■ **Activity**
Below this line are records; write out exactly the lines from the one containing "Sexy Teal Gold" through the one containing "Il segretario della", with the pictures left out.

══ Source material ══

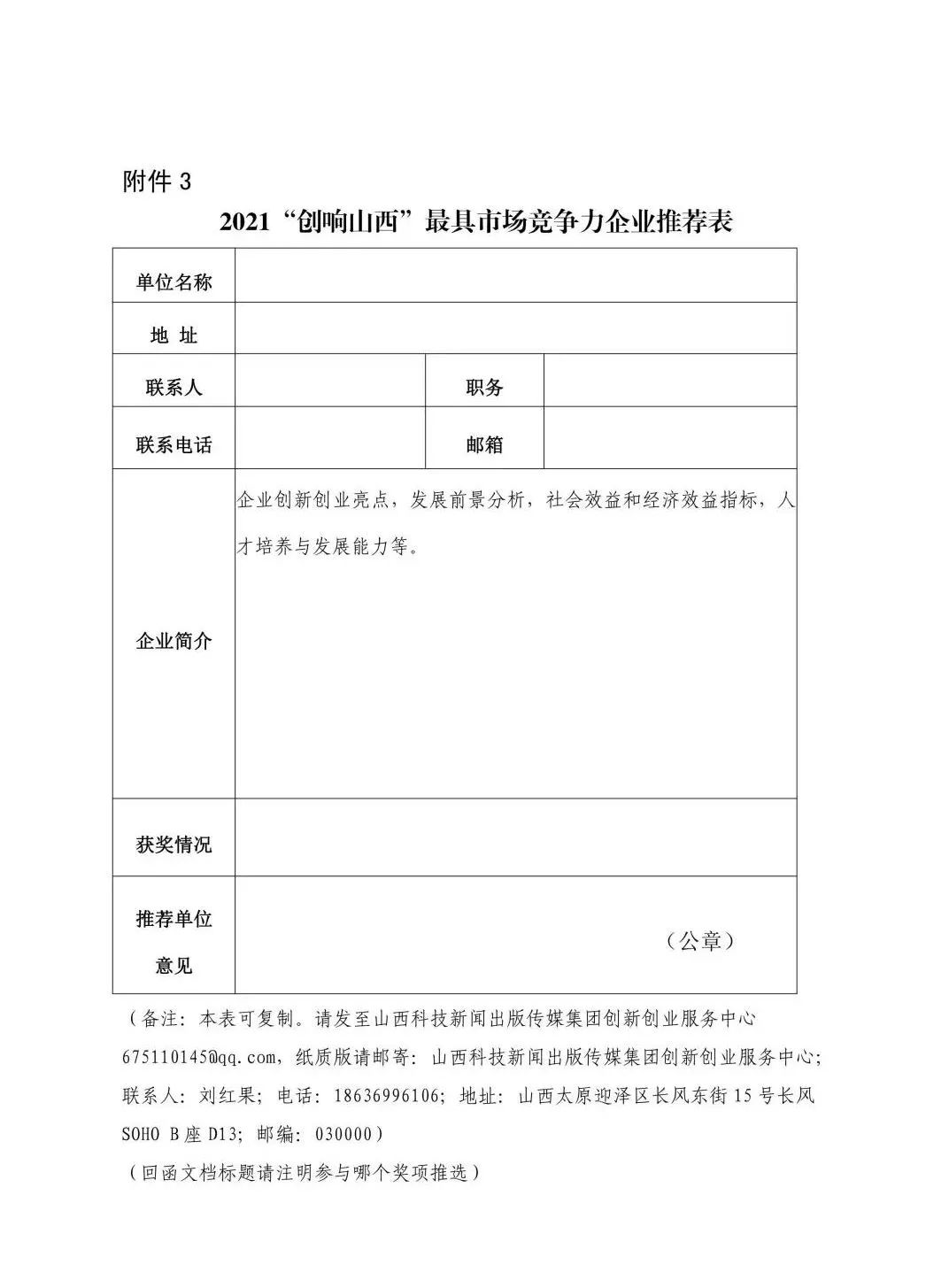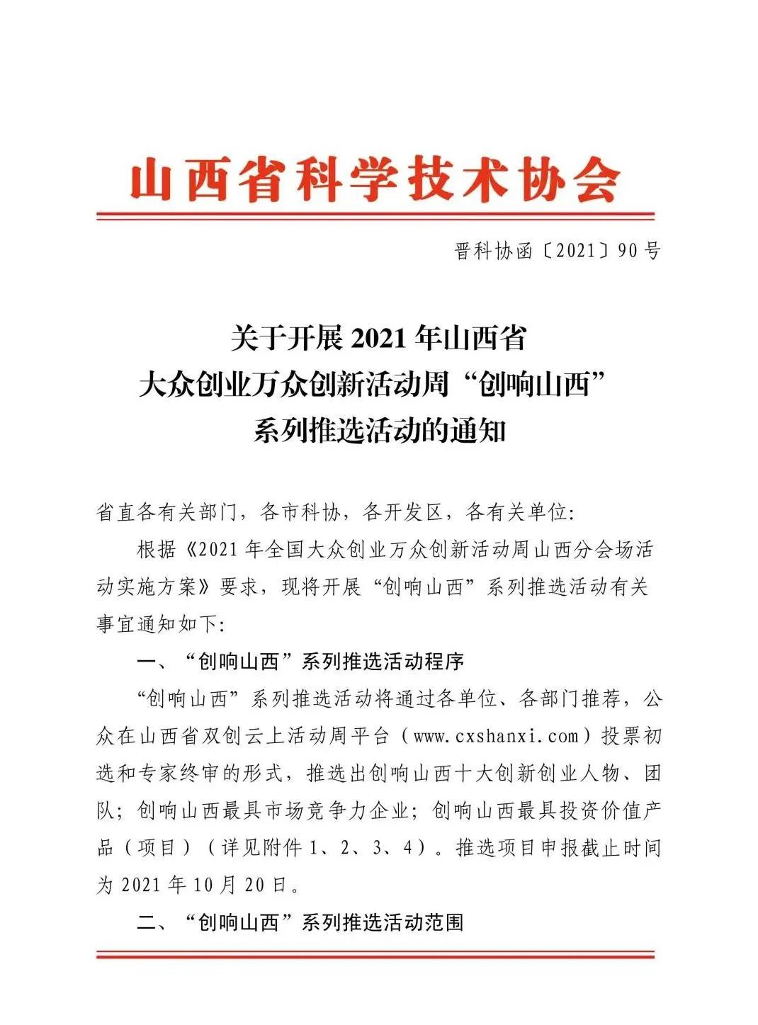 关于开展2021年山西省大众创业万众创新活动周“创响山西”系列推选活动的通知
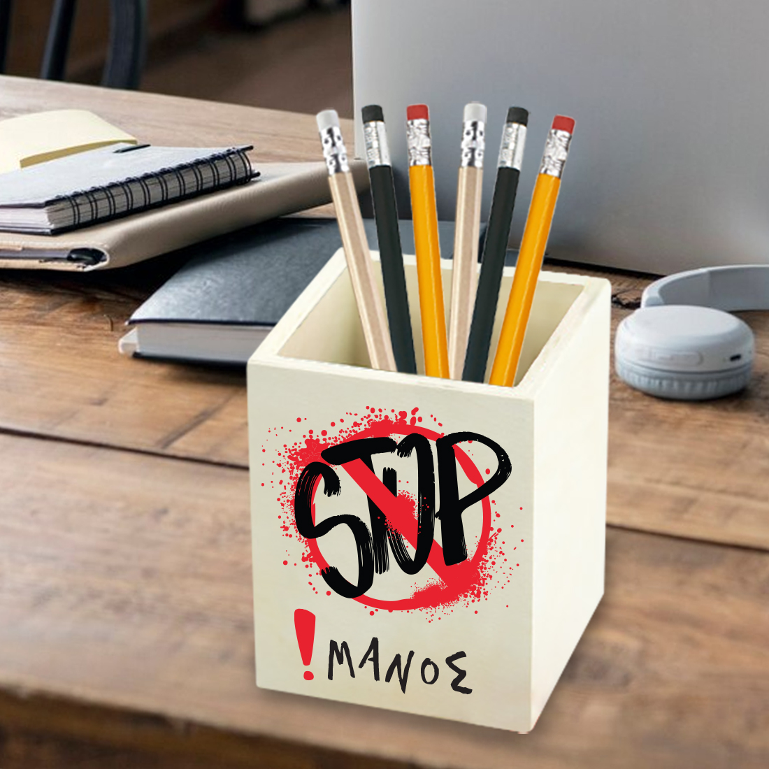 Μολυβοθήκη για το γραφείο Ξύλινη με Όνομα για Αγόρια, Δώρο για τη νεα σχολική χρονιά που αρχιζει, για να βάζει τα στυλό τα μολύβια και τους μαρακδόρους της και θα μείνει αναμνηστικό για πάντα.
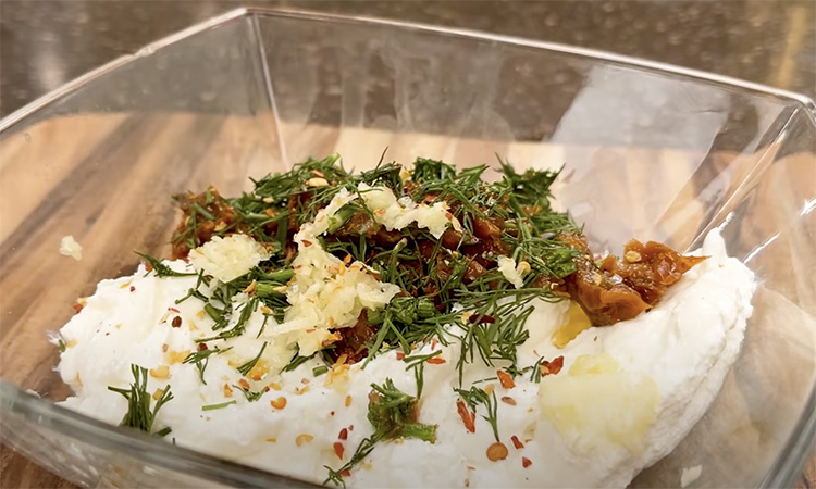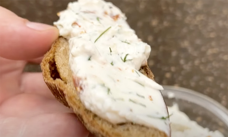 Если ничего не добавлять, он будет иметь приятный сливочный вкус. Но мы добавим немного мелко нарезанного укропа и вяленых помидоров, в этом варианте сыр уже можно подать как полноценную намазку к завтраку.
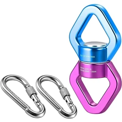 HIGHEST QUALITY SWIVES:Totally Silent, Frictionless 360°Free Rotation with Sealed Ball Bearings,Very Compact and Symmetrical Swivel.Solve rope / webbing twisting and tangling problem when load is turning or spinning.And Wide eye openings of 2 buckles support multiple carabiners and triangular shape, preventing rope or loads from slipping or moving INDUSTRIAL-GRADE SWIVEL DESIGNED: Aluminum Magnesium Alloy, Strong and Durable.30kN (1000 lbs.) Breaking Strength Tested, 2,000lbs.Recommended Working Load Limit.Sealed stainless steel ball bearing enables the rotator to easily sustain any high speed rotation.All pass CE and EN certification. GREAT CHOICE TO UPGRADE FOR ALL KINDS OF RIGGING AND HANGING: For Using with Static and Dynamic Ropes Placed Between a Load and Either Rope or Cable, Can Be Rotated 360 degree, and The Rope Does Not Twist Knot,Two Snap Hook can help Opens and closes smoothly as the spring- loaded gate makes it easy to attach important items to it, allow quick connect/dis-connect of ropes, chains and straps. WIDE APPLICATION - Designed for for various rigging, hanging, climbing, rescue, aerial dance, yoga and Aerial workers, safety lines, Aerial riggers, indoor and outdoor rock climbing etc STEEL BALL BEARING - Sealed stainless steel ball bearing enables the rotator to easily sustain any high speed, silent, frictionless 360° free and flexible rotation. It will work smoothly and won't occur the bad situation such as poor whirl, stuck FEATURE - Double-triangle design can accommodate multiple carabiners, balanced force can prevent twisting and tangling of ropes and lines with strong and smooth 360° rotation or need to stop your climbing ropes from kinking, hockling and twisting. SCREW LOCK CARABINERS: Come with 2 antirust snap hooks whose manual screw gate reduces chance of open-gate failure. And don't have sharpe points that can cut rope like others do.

═══
══ Source material ══

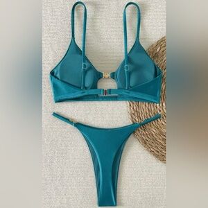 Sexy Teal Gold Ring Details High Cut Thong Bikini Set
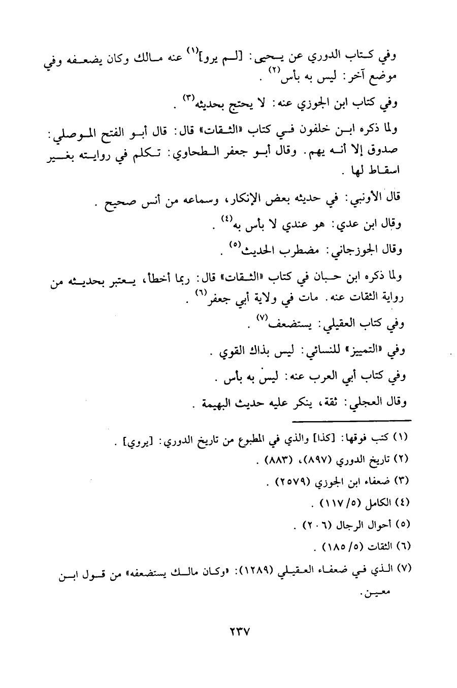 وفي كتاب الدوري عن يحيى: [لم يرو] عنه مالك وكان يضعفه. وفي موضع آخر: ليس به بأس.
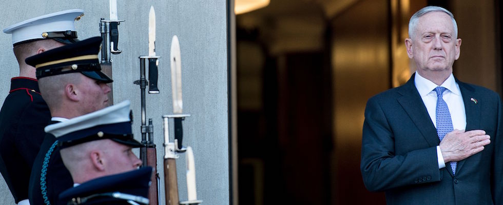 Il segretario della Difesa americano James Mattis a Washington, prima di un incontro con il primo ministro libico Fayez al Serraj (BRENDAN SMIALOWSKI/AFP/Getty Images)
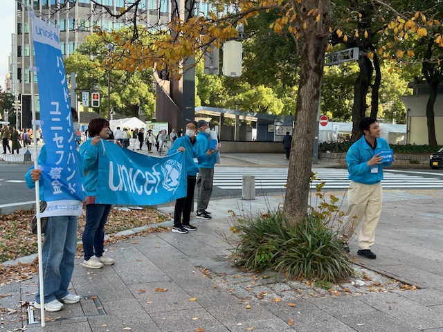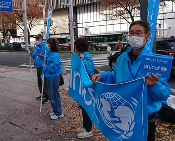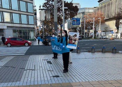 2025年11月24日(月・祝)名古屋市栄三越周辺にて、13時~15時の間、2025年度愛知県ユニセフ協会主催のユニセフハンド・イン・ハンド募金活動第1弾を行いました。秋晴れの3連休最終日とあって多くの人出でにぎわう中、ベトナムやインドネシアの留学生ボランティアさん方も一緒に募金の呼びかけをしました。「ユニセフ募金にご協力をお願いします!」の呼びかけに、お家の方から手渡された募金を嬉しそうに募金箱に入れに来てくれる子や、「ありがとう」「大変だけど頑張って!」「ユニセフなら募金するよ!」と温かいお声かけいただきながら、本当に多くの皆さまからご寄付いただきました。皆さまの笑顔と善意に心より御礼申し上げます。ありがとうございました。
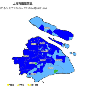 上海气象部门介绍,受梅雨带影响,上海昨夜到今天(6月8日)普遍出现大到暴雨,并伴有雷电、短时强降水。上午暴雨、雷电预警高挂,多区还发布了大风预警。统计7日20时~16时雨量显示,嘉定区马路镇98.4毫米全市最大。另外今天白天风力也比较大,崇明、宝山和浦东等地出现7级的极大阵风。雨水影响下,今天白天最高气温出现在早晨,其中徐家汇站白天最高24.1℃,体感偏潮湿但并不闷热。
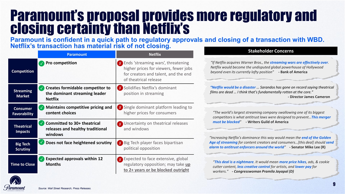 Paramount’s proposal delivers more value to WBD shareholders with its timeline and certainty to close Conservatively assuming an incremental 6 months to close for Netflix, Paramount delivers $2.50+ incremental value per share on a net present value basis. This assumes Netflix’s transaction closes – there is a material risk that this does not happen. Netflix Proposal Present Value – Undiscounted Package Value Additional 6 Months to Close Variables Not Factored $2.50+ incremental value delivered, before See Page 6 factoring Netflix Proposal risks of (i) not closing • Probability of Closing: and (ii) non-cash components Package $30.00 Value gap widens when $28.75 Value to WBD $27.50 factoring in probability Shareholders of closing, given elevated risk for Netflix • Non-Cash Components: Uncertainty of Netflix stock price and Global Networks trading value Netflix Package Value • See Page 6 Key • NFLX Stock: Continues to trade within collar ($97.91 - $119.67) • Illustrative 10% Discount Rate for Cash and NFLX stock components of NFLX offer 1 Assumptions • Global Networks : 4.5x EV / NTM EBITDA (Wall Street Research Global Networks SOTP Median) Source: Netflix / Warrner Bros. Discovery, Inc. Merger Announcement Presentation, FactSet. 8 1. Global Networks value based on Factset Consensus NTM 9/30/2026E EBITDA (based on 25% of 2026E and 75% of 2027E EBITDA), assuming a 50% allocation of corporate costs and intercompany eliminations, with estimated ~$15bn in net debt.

═══

■ **Solution to the problem**
 Sexy Teal Gold Ring Details High Cut Thong Bikini Set
 وفي كتاب الدوري عن يحيى: [لم يرو] عنه مالك وكان يضعفه. وفي موضع آخر: ليس به بأس.
 Il segretario della Difesa americano James Mattis a Washington, prima di un incontro con il primo ministro libico Fayez al Serraj (BRENDAN SMIALOWSKI/AFP/Getty Images)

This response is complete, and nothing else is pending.